Kentucky Governor: Clerk’s arguments ‘absurd’ and ‘obtuse’
News sites have mostly written about her standoffs with same-sex couples or her five-day stint in jail.
In that same interview, Davis said she did not believe there was a problem with the licenses that her deputy clerks have issued since she returned to work on September 14.
Kentucky Governor Steve Beshear (left) had described county clerk Kim Davis” (right) reasons for not giving gay couples marriage licenses as “absurd” and “obtuse’. The order “specifically (targeted) clerks like Davis who possess certain religious beliefs about marriage“, she and her lawyers claimed.
U.S. District Judge David Bennung, who also ruled on the suit the ACLU brought against Davis and found her in contempt of court, has been asked by the governor to dismiss the claim. She is also an Apostolic Christian.
“Simply stated, Davis” role is a legal one – not a moral or religious one, ‘ Beshear’s attorneys wrote in a court document.
Beshear’s lawyer, Palmer G. Vance, deemed Davis’ legal trouble a “meritless assault on the rule of law”.
Rowan County clerk Kim Davis, who spent five days in jail for defying a series of federal court orders, filed a lawsuit against the governor, alleging he violated her religious freedom by asking clerks to comply with the U.S. Supreme Court’s decision, which effectively legalized gay marriage across the nation.

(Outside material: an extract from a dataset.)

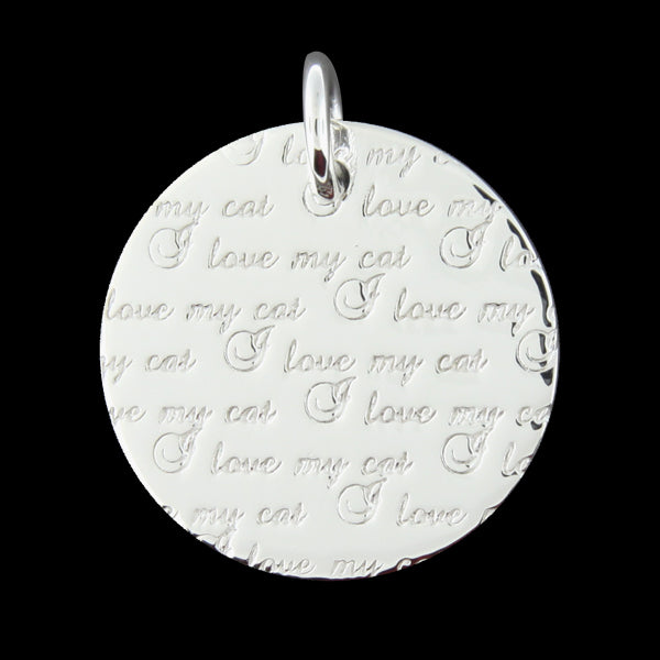 The words “I love my cat” are repeated in an elegant font on this stylish sterling silver pendant. Measures 1” (24mm) in diameter.

Rowan County Clerk Kim Davis makes a statement to the media at the front door of the Rowan County Judicial Centre.
In late June, when the Supreme Court announced its ruling, Beshear sent a letter to the state’s 120 county clerks telling how the state meant to react. “But as elected officials, they do prescribe how we must act”, he wrote in the letter. As such, she was denying citizens the legal right to obtain marriage licenses. Meanwhile, Schwartz only issues licenses to opposite-sex couples, promising to turn away any same-sex couple because it’s what Jesus would have wanted… or something.
This week, news broke that Davis met privately with Pope Francis during his recent visit to the United States.
“I want to start by thanking my Lord and my savior Jesus Christ, because without him none of this would have ever been possible, for he is my strength that carries me”, she said. When the information about this secret meeting got out, the pope was asked if he thought it was right for people to break the law using the basis of religious freedom.
“Conscientious objection is a right that is a part of every human right… and if a person does not allow others to be a conscientious objector, he denies a right.”
At the end of the meeting, which was reportedly conducted in English, Davis says the pontiff handed her and her husband rosaries; she plans to give hers to her mother, who is a Catholic.
[Photos Courtesy of Ty Wright/Getty Images].